Labothie Hill pillbox
Click to enlarge

Canmore has this to say about it:

Pillbox (20th Century)
NO 47776 41885
A possible type 27 pillbox situated about 25m W of the remains of a prehistoric cairn.

A pillbox. A World War II anti-invasion defence, of the kind to be found mouldering at the back of various beaches around Britain. But this one is on top of a hill in rural Angus. That seemed odd.

There were a couple of sheep inside, and the floor was an inch-deep mire of mud and sheep droppings. Since I didn’t fancy being in a filthy enclosed space with two panicky horned animals, I decided not to go inside. But through the windows I could see a shaft of daylight in the middle of the dark internal space. So I climbed on to the roof (as you do under these circumstances) and peered down into a central well that contained what I thought was the mounting for a flagpole, but which turns out to be for a light antiaircraft gun.

Central well of Labothie Hill pillbox
Click to enlarge

Now that makes more sense than the “coastal defence” scenario I’d been running with. Further investigation suggests this was part of the antiaircraft defence that surrounded the World War II radar station at RAF Douglas Wood, the remains of which still lie just downhill from my pillbox.

And then I headed back to the car, arriving just as the rain started. An unexpected red kite, a very unexpected military installation, and a bit of snatched clear weather. What could be more satisfying?

Bluebells
Click to enlarge

* When access to Labothie Hill becomes impossible from the car park at Carrot Hill, it will still be easily accessible via the farm track that runs up from the B978, past the old RAF Douglas Wood buildings (which are now used by the Scouts). It’s a very dull and muddy walk up, unfortunately.

Sidlaws: Kincaldrum to Finlarg

Kincaldrum Hill (NO 414436, 309m)
Unnamed Point 315 (NO 411431, c350m)
Finlarg Hill (NO 406419, 336m)

14 kilometres
370 metres of ascent

Kincaldrum-Finlarg route
Click to enlarge
Contains OS OpenData © Crown copyright and database right 2018

Of the whole Sidlaws ridge, there was one last little section above the 300m contour that I hadn’t visited.

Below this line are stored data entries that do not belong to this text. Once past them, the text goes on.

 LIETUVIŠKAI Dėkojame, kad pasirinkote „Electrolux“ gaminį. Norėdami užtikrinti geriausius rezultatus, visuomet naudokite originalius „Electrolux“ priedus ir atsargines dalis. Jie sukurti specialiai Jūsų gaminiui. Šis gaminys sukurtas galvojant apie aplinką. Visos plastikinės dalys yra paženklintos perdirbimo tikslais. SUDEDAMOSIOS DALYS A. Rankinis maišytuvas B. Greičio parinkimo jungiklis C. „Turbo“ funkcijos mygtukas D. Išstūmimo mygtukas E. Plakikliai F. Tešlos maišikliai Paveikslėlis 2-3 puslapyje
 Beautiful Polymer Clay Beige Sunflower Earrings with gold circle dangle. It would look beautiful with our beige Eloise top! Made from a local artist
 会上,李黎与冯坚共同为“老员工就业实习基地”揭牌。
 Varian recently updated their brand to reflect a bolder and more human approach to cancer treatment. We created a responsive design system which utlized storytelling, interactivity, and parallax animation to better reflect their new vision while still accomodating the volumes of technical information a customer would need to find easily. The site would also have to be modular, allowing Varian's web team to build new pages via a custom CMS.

I’d looked north-east across Lumley Den to Finlarg Hill when I was on Ironside Hill, and wondered what the best way up would be. The approach from the Lumley Den side is short, but unfortunately would seem to involve walking up the driveway of the house there—the road is heavily fenced elsewhere. In fact, there was busy farmland all around the ridge, but also a patch of moorland on its west side that looked accessible from a road-end—that was my route in.

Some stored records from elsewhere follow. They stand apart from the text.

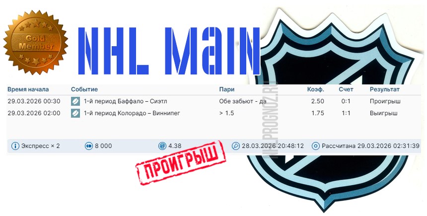 Рабочая ставка в GOLD NHL-связке на текущий день:
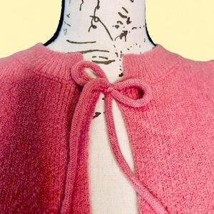 Elegant pink cardigan with bow accents. Soft and stylish.
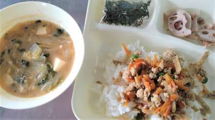 今日の給食は、鶏ごぼうご飯、みそ汁、焼きれんこん、牛乳です。
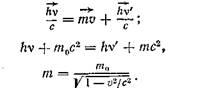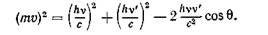 Розглянемо пружне зіткнення рентгенівського фотона, енергія якого ' і імпульс .Оберемо систему координат, в якій електрон до зіткнення з фотоном знаходиться у спокої і має масу . Після зіткнення з електроном розсіяний під кутом 9 фотон має енергію hv' і імпульс ', а електрон має енергію і імпульс (рис.10.4). На основі законів збереження імпульсу та енергії маємо:
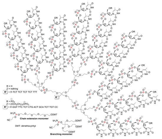 Other types of oligonucleotide dendrimers were synthesized by the same methods, using other phosphoramidite reagents. An example concerned a phosphoramidite functionalized with a pentaerythritol structure, to treble the number of branches at each coupling, and a phosphoramidite functionalized with an oligoethyleneoxide chain to reduce the density of packing. Several dendrimers were synthesized, bearing an oligonucleotide at the core to be used as probe, and nine pentathymidine on the surface (Figure 4). Due to the presence of this long chain oligonucleotide at the core, this compound should be described as a dendron (dendritic wedge) more than a dendrimer. These compounds were used as PCR (polymerase chain reaction) primers. A profound effect on the mobility of the PCR products was observed, as the dendrons decreased the mobility on agarose or polyacrylamide gels [17]. The same concept was then extended to larger compounds bearing up to 27 branches instead of 9, and comprising several types of oligonucleotides as branches. These compounds were associated as complementary pairs both in solution and in the solid state. Duplex stabilities with these dendritic structures were found greater than those observed with unbranched molecules of equal length [18]. Other examples of dendritic structures based on a pentaerythritol phosphoroamidite synthon and having nine antisense oligonucleotides (ODNs) as terminal functions were obtained via automated DNA synthesis. The cellular uptake of ODN-dendrimer conjugates was up to 4-fold greater than naked ODN in cancer cells, and were found effective in inhibiting cancer cell growth [19].

I turned off the A928 along the south side of the woods surrounding Glamis Den, and found a spot where I could get the car completely off the narrow road. (This transpired to be about the last such spot along my line of approach.) Someone was raising pheasants in Lera Wood, so the first part of my walk was enlivened by the juveniles milling around on the road, looking ridiculously off-balance without their long adult tails. There’s only one creature more stupid than an adult pheasant, and that’s a juvenile pheasant; and the only thing in the world more stupid than a juvenile pheasant is a group of juvenile pheasants (which the fifteenth-century Book of St Albans tells us is called a nye, by the way).

Young pheasant
Young pheasant (Click to enlarge)

At one point I stopped walking when a couple of agitated young birds rocketed into the air out of the roadside ditch. I just stood there for a few seconds, in silence but for the quiet sound of pheasant nerves breaking all around me, and then another couple rocketed … and then three, and then another, and then another, and then two more, until the roadside vegetation had emptied itself into the air over the course of twenty seconds or so. The pheasant is not characterized by its sang-froid.

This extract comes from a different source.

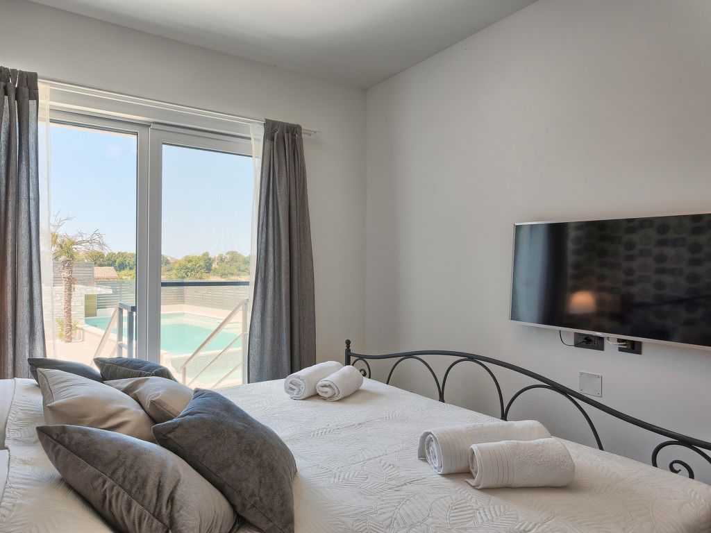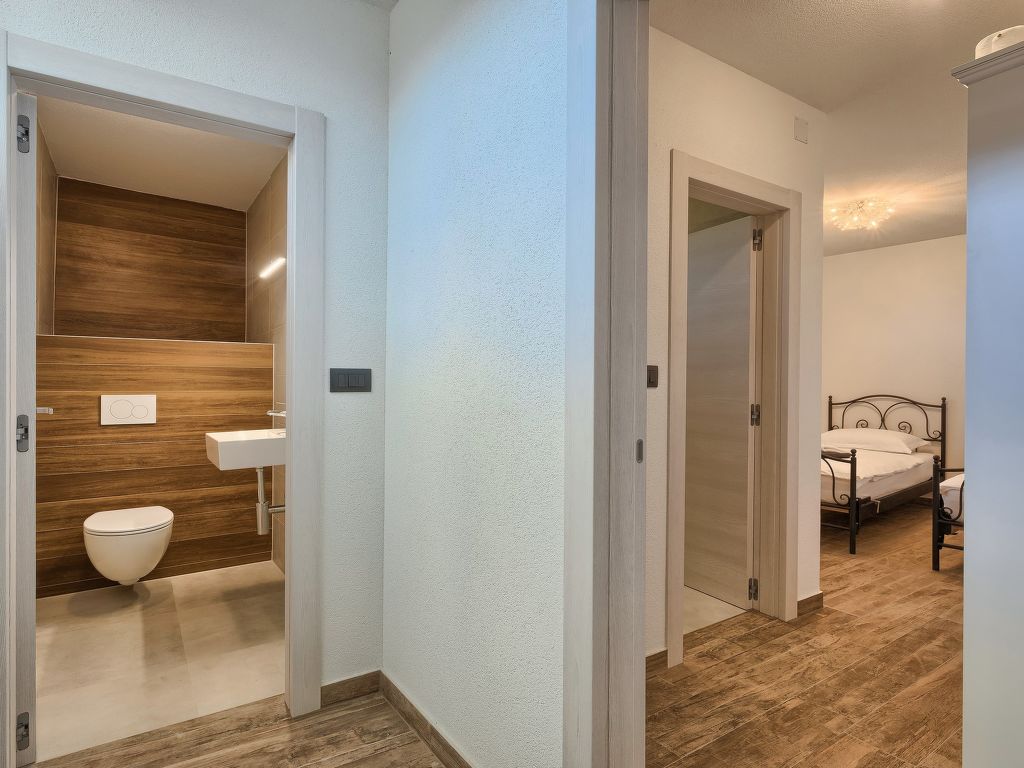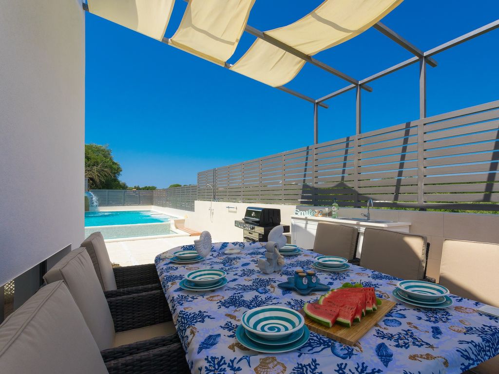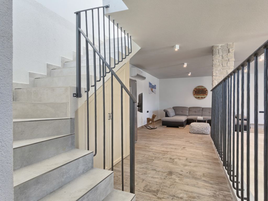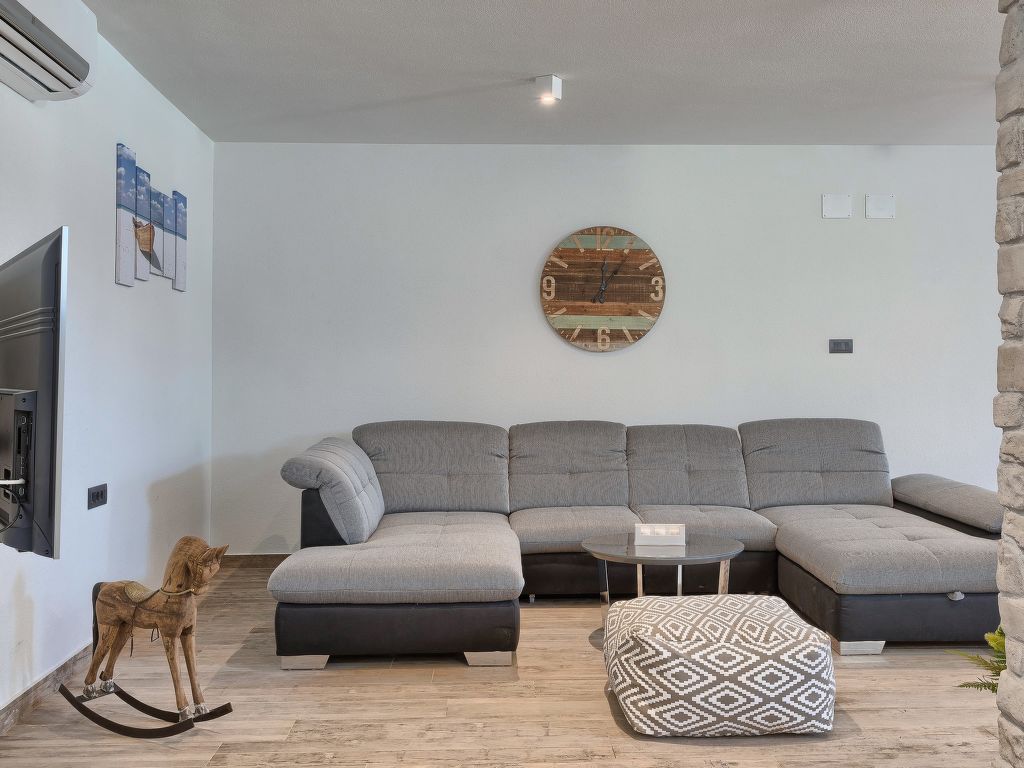 Moderne Villa "La Mer", auf 2 Stockwerken. Im Ortsteil Veli Vrh, 3 km vom Zentrum von Pula, sonnige Lage, 3 km vom Meer, in einer Sackgasse. Zur Alleinbenutzung: Grundstück 400 m2 (eingezäunt), Garten mit Pflanzen, Schwimmbad eckig, beheizt (12 x 5 m, 140 cm tief, 01.01.-31.12.) mit Innentreppe. Kinderbecken, Aussendusche, Terrasse (20 m2), Gartenmöbel. Im Hause: Internetzugang, Waschmaschine. Parkplatz beim Haus auf dem Grundstück. Einkaufsgeschäft 1 km, Supermarkt 2.5 km, Restaurant 1 km, Kieselstrand 4.5 km, Felsstrand 4.5 km. Tennis 5 km, Wanderwege ab Haus 200 m, Radweg 250 m. Nahe gelegene Sehenswürdigkeiten: Amphitheater 3 km, NP Brijuni 6 km. Schwimmbad beheizt (extra). Zur Mitbenutzung auf dem Nachbargrundstück mit dem Nachbarhaus HR2600.151, 30 m von der Villa: Hallenbad eckig, beheizt (6 x 5 m, Tiefe 140 cm, 01.01.-31.12., mit Innentreppe, mit Gegenstrom), Sprudelbad, Ruheraum, Wellnessbereich, Tischfußball, Tischtennis, Darts, Flipper, Kinderspielplatz (Rutsche), Fußballplatz (alles im Preis inbegriffen). Sauna, Massage (auf Anfrage, alles extra). Möglichkeit, 4 Fahrräder zu mieten (auf Anfrage, extra).

On, then, to the small group of houses and farm buildings the Ordnance Survey marks as Arniefoul, and which David Dorward unfairly characterizes as “remote and somewhat sinister looking” in his book The Sidlaw Hills. Dorward offers the alternative renderings Ardnafouil, Arnyfauld, Arnefont and Earnafoot taken from old maps, but none of those seems to suit the current residents, who have rather pointedly glued their own version over the official signage.

Airneyfoul sign
Click to enlarge

Beyond what I now must call Airneyfoul, a track weaves up the hillside through a little triangular plantation of trees. As I turned a blind corner in the middle of the forestry, I found myself confronted by a buzzard, flying down the path at head-height towards me. It’s difficult to know which of us was the more surprised, but the buzzard was certainly more quick-thinking—as I lurched to a halt and gawped, it did a quick, steep turn and disappeared silently up a firebreak.

Beyond the trees, I made a detour to take in a spring marked on the map as Ironharrow Well—how could I not spend some time visiting a place that sounded as if it should feature in Lord of the Rings?

There’s a rather dilapidated open-sided building next to the well, presumably serving as a shelter for ponies or cattle at some time, and the well itself is covered by an interesting little A-frame with a sliding bolt in its door. The usually reliable Dorward has no suggestions as to the origin of that striking name, Ironharrow.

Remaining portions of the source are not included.